Hi friends , here i am going to give some tips to prevent your sensitive parts of your website from the search engine indexing. Some times you don’t want some sensitive posts to index in search engine indexing.You can prevent by using robots.txt….You guys can also avoid duplication penalties from search engines by using this robots.txt effectively.

robots.txt is a plain text file. The path of the robots.txt file should be as follows:

http://www.example.com/robots.txt

(or)

http://blog.example.com/robots.txt

syntax of Robots.txt file:

If you want to allow all Robots to index all your pages then include this Robots.txt file:

User-agent: *
Disallow:

Here User-agent means all Robots visiting your site to crawl the pages.

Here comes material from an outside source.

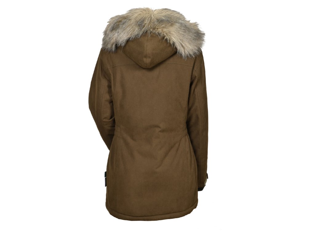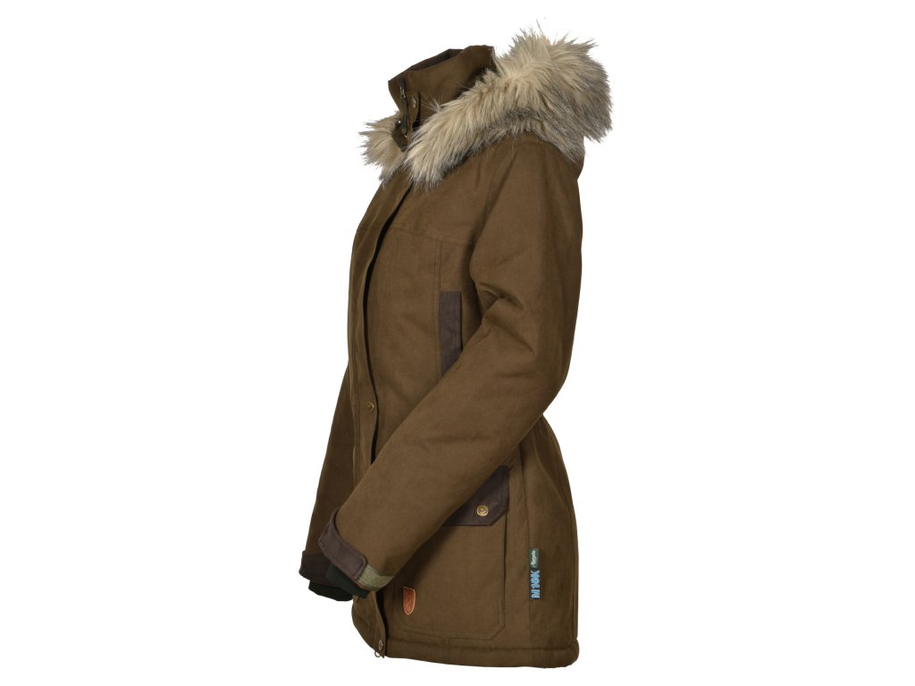 Dámska zimná bunda MAGURA ušitá ve sportovně-elegantním stylu, je vyrobena z pevného a odolného materiálu. Vhodná do chladného zimního obdobní na hony, nebo jen volnočasové procházky v přírodě, i ve městě. Bunda zahřeje a udrží v suchu i v extrémně chladných a mokrých podmínkách. Doplněna je jemnou kožešinou na onímatelné kapuci. Větru a vodě odolná díky membráně M10K - prodyšnost -10 000 g / m2 /24h a vodní sloupec - 10 000 mm. Zateplená je izolací Climashield ® Apex 100 a prošívaná podšívkou v kobinaci s fleecem. Bunda má dvě vrchní, dvě spodní dvojité kapsy a jednu vnitřní náprsní kapsu na zips. Rukávy mají manžetu na suchý zip pro regulaci šířky.

If you want to ban all Robots from indexing your site then include this Robots.txt file:

User-agent: *
Disallow: /

To ban specific Robot from indexing pages, include code like:

User-agent: Googlebot
Disallow: /

To ban some web pages like /Category directory with all sub pages:

User-agent: *
Disallow: /Category/

To allow only specific Robots to index your pages:

User-agent: Googlebot
Disallow:

User-agent: *
Disallow: /

Here you can make one mistake. Do not add specific robot ban after Disallow:/ i.e

User-agent: *
Disallow: /

User-agent: Googlebot
Disallow:

Will ban all Robots including Googlebot from indexing your web site.

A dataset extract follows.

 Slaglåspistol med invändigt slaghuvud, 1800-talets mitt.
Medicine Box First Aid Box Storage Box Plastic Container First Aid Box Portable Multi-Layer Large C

Many sites have duplicate content penalties. If same content is accessible from two or more different url’s then it’s said to be duplicate content. If you have /category or /Archive directories then you have chance of having duplicate content penalty. Either show posts excerpt on Category and Archive pages or use robots.txt to ban indexing these pages. Then your Robots.txt file will be look like this:

User-agent: *
Disallow: /category/
Disallow: /archives/

Hope this tips will help you guys…. Thanks for visited this site.